- DIRECTIONS
Your copy should hold only the lines from the one with "女性は白いオーバーオールの上" to the one with "- En el maestro", both included, each exactly as it stands below, with no pictures.

- EXTRACTED ENTRIES

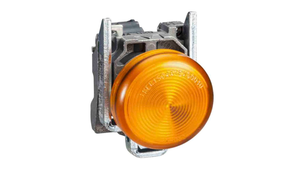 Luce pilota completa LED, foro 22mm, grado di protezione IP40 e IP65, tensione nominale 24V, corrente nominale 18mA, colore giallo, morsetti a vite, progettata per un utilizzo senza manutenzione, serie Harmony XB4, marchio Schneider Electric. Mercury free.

---

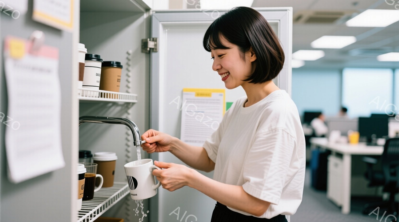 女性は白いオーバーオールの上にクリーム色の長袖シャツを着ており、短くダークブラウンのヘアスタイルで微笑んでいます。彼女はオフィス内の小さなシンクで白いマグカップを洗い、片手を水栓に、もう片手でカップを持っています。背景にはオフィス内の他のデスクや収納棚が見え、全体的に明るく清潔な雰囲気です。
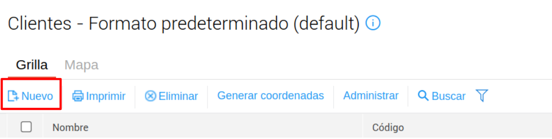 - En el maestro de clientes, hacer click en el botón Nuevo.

- ANSWER TO THIS EXERCISE
 女性は白いオーバーオールの上にクリーム色の長袖シャツを着ており、短くダークブラウンのヘアスタイルで微笑んでいます。彼女はオフィス内の小さなシンクで白いマグカップを洗い、片手を水栓に、もう片手でカップを持っています。背景にはオフィス内の他のデスクや収納棚が見え、全体的に明るく清潔な雰囲気です。
 - En el maestro de clientes, hacer click en el botón Nuevo.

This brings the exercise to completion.